In the late 1990’s, the Schleimer laboratory, once again working together with Bruce Bochner’s laboratory, co-discovered Siglec-8 (or sialoadhesin factor-2, SAF-2).8 Siglec-8 is selectively expressed on human eosinophils and mast cells, and the engagement of Siglec-8 with a monoclonal antibody or its natural ligands induces the death of eosinophils and inhibits mast cell degranulation. Anti-Siglec-8 antibody (AK002, lirentelimab) is currently in clinical trials for several eosinophilic disorders.9
In 2004, Bob moved to Northwestern University Feinberg School of Medicine and became the chief in the division of Allergy and Immunology and a Roy & Elaine Patterson Professor of Medicine.

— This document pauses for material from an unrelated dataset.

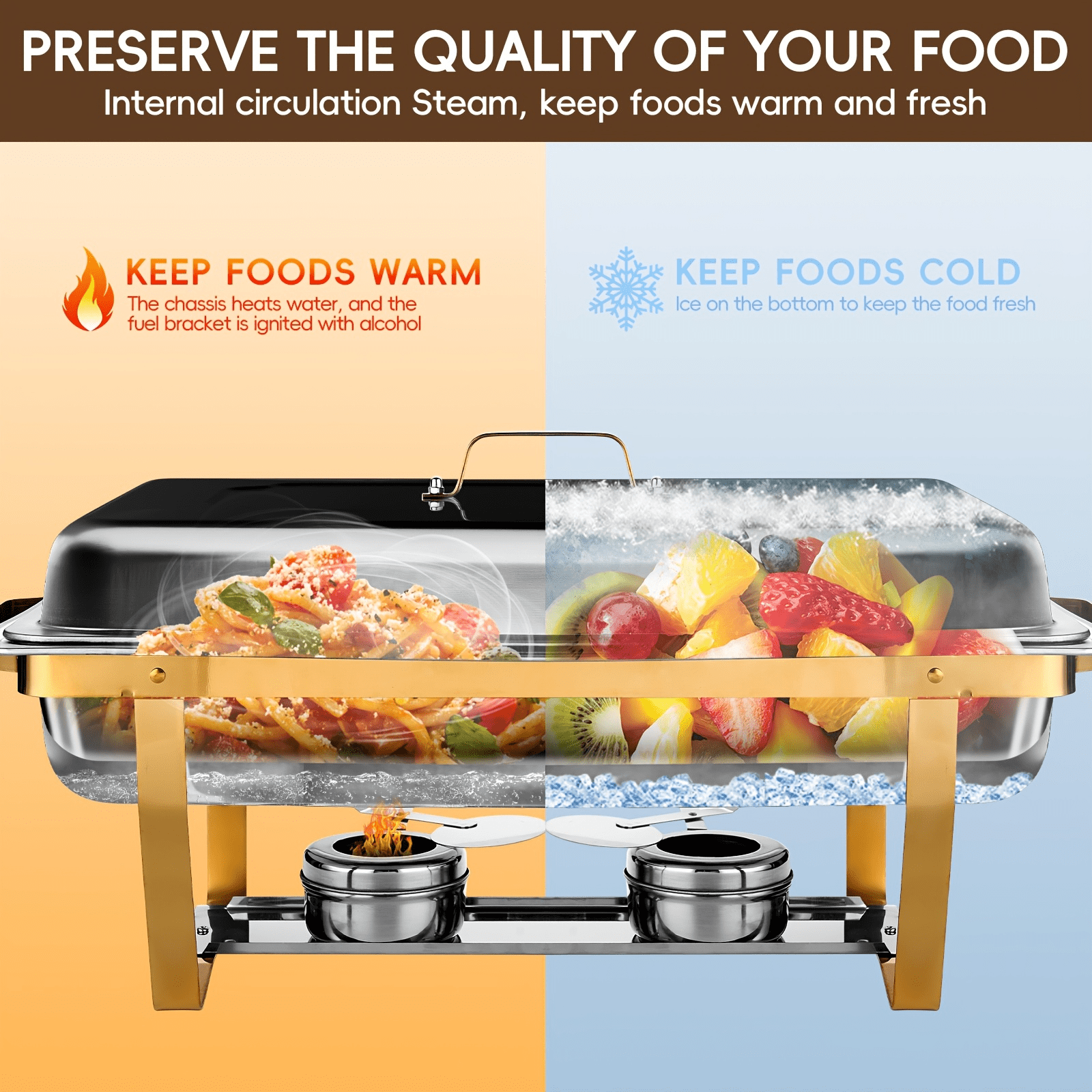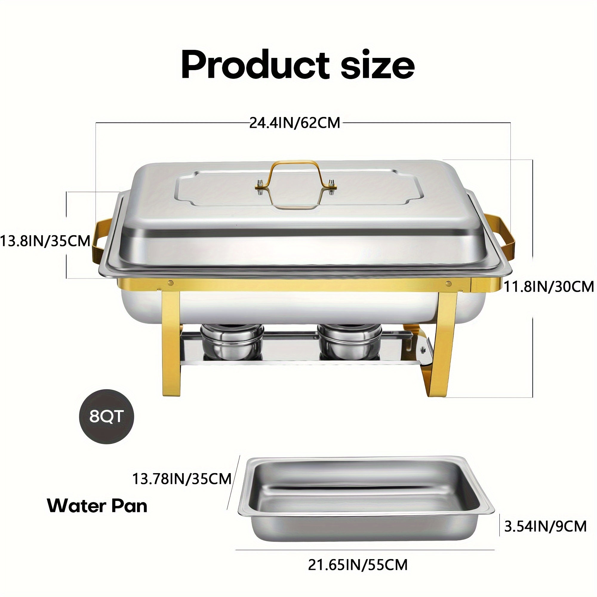 1/2/4pcs 8Qt Golden Chafing Dishes for Buffet, Stainless Steel Food Warmer Rectangular Foldable Buffet Set, Chafer Warmer, with Food Tray And Lid, Keep Foods Warm And Cold, Easy Cleaning, for Banquet, Party, Wedding, only for cooking

Although there was only a CLIA laboratory in this division before his arrival, Bob successfully recruited multiple faculty members and developed several research laboratories in this division. Bob, together with Dr. Robert Kern, a surgeon and Chairman of the Department of Otolaryngology, developed the Sinus and Allergy Center at Northwestern to focus on translational research in chronic rhinosinusitis (CRS). At the time, basic research in CRS was far behind compared to other airway inflammatory diseases including asthma and allergic rhinitis especially in the US. Bob contributed to the CRS field for 16 years and has published over 100 manuscripts on CRS.10 He also currently serves as the program director for the Chronic Rhinosinusitis Integrative Studies Program funded by NIH/NIAID. Bob is now one of the key leaders in this field in the world.

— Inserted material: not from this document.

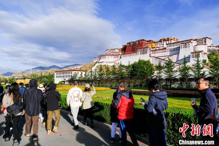 9月30日,游客途經拉薩布達拉宮。中新社記者 江飛波 攝

Dr. Schleimer has published over 390 peer-reviewed papers with an H index of 88 and has been recognized by the ISI as being among the top 0.5% of the most highly cited investigators over the last 20 years. He actively contributes to research on the mechanisms of allergic diseases and chronic rhinosinusitis, and true to his background in pharmacology, several of his discoveries served as underpinnings for drug development in allergic and other diseases. Between his time at Johns Hopkins and at Northwestern, he trained over 50 highly successful scientists, many of whom are full professors and leaders in Allergy/Immunology/Respiratory/Dermatology fields throughout the world. His impact on current and future generations of physicians and scientists will be long-lasting.